The obvious analogy is "detonating a nuclear bomb will ignite the atmosphere", which was conclusively falsified on July 16, 1945 when a nuclear bomb was detonated and did not ignite the atmosphere.

Obviously, if you think that there's a substantial chance of your test destroying the world, you might choose not to perform the test until you have some form of insurance (e.g. perform the nuclear test on Titan, so that if it destroys the world nobody's living there), but that's very different from being theoretically unfalsifiable.

Expand full comment

Even if an idea is theoretically falsifiable, if it's practically unfalsifiable (because going to Titan is impractical or whatever) then we can't perform scientific research on that idea.

Expand full comment

That means quite large chunk of astrophysics and string theory cannot be researched?

Expand full comment

That is, indeed, correct. Much of modern cosmology appears to be metaphysics and not science. The catch is, sometimes metaphysics can be turned into physics....but you don't know until the theories are fully developed.

Consider, e.g., Quantum Physics. Currently there is no way of choosing between the EWG multi-world hypothesis and the Copenhagen interpretation. They produce the exact same results everywhere we can look. Really, at the moment, choosing between them is a matter of taste. But it may someday become possible to choose between them based on evidence.

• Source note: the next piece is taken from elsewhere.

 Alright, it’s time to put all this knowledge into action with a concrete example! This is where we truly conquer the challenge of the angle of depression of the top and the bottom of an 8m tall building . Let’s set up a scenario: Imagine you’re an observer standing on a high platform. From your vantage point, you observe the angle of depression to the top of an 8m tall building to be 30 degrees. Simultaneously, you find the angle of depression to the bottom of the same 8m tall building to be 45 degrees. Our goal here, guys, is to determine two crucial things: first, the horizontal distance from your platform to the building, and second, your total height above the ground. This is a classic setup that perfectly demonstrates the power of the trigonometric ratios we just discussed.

Similarly, models of how AI will develop aren't at a state where their predictions are validateable. There's too much hand-waving over details. But they have a very strong potential of becoming validatable. (Of course, we might never build a strong AGI for some reason or other, in which case they would never be put to the test.) So, yes, currently those predictions tell you as much about the taste of the predictor as how things will eventually turn out. They are currently metaphysics. But they can be turned into science by careful development and experimentation. Or they might just be engineering guidelines, as we rush ahead into uncharted territory. (That last is my bet.) But engineering guidelines are useful, even if they aren't as trustworthy as actual scientific results.

Expand full comment

Part of the point of Goodman's "grue" concept is that it shows that this naive conception of "falsification" isn't going to do your work of determining between "scientific" and "unscientific" theories.

Expand full comment
Jan 16·edited Jan 16

Or maybe it does, and there are just a lot of things that people claim to be scientific that aren’t.

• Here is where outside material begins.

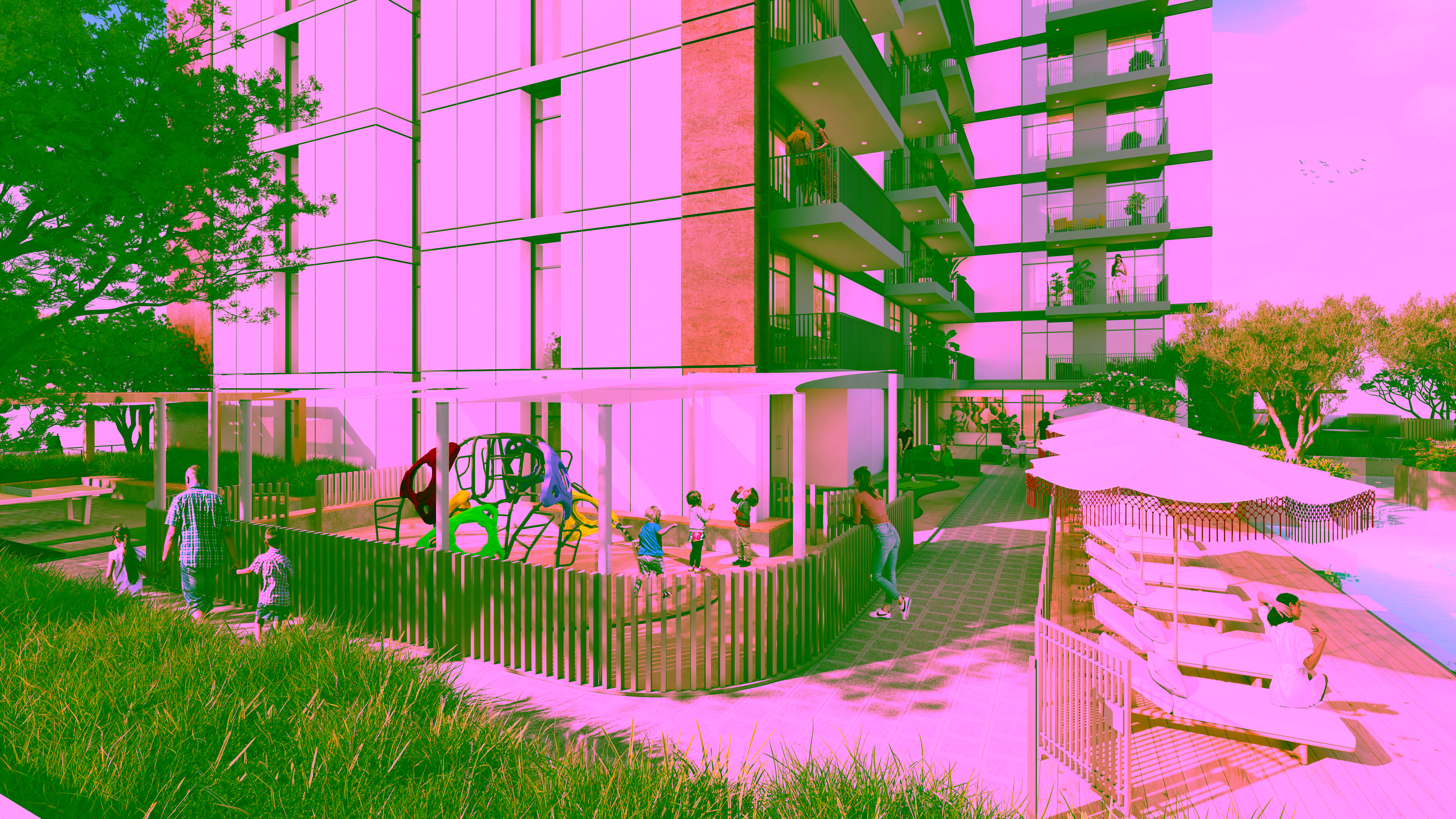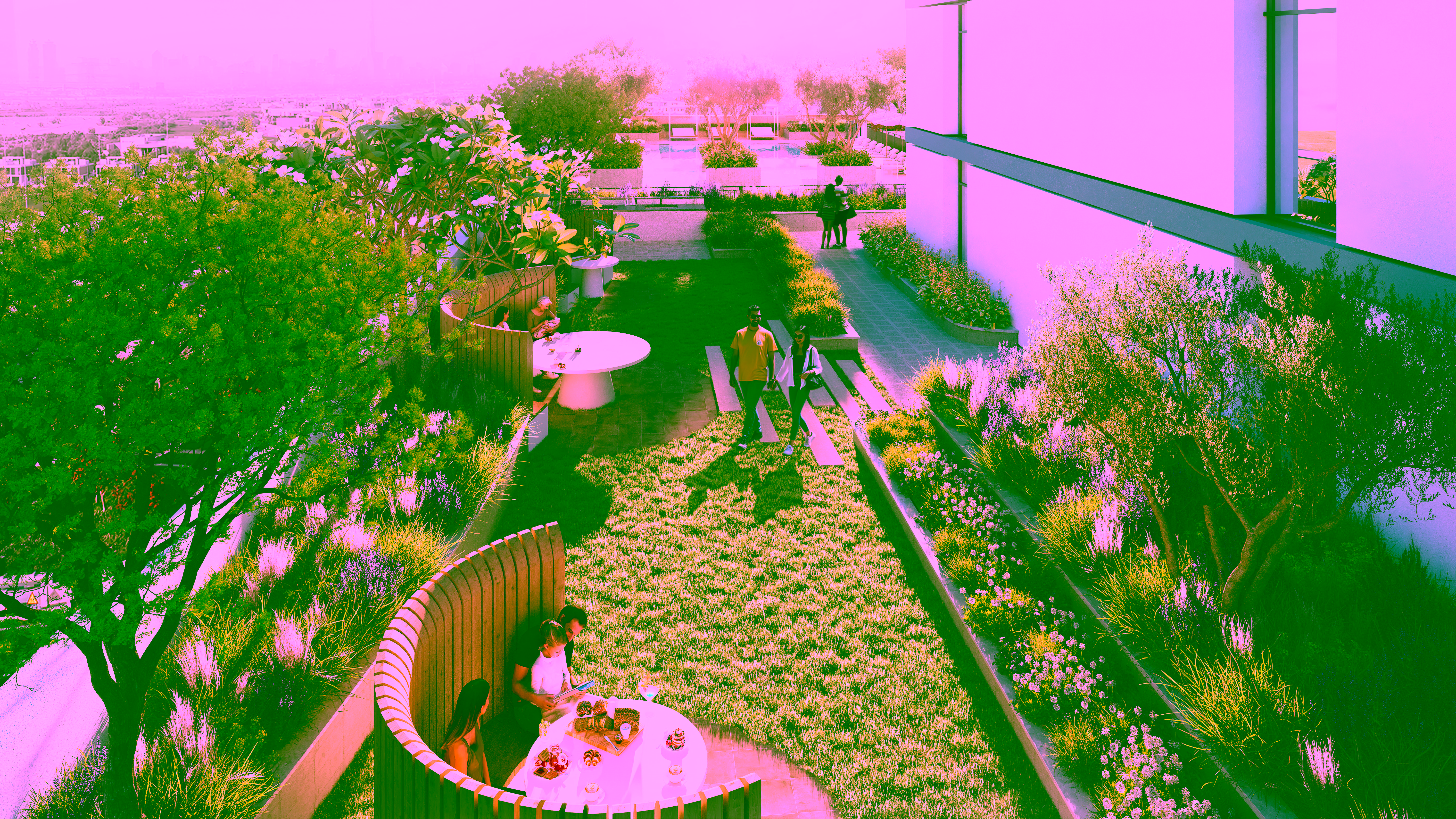 Communal spaces extend to include a mini-golf course, a treehouse, an urban farm, and themed dining spots like Bella Napoli Pizzeria and Smoke House BBQ. Wellness and entertainment are seamlessly integrated, with a pet daycare, Como Lounge Café, Himalayan Tea House, outdoor cinema, and shaded seating zones. Main lobby co-working spaces are designed for comfort and productivity with natural light and ergonomic seating.

We want to believe that empirical science can determine what is rational, but what if it can’t?

The emperor has no clothes here: you have to start from classically logical axioms about the nature of the world, because being purely empirical and material can’t save you from irrational beliefs that cannot be tested!

Expand full comment

Seems like if we accept this view, then we must also accept that there are certain kinds of non scientific theories that are nevertheless crucially important. "Would a global thermonuclear war trigger a years long winter" is another one that can't be directly proved nor tested, and is in fact disputed, yet is obviously too important to write off entirely in our decision making. The null hypothesis, that a nuclear winter wouldn't happen, isn't particularly more scientific!

Expand full comment

Yes, the idea that proper science is empirical entails that certain conclusions might be probable or logical but are not empirical scientific hypotheses, and some of those things *could be* very important to know, assuming they have any validity at all.

The importance of a belief, unfortunately, doesn't imply that it's possible to use the scientific method to falsify it. It is very important—it would be revolutionary to everything we know about the universe!—to know whether or not fairies are real. But science does not have anything to say about fairies because they magically disappear whenever we attempt to measure them.

Expand full comment

The question of whether it will rain tomorrow also cannot be falsified until it occurs. Do you believe that all weather forecasters are engaged in pseudoscience?

Expand full comment

It does always make me angry when forecasts say there's 100% chance of rain. Such irrationally high confidence!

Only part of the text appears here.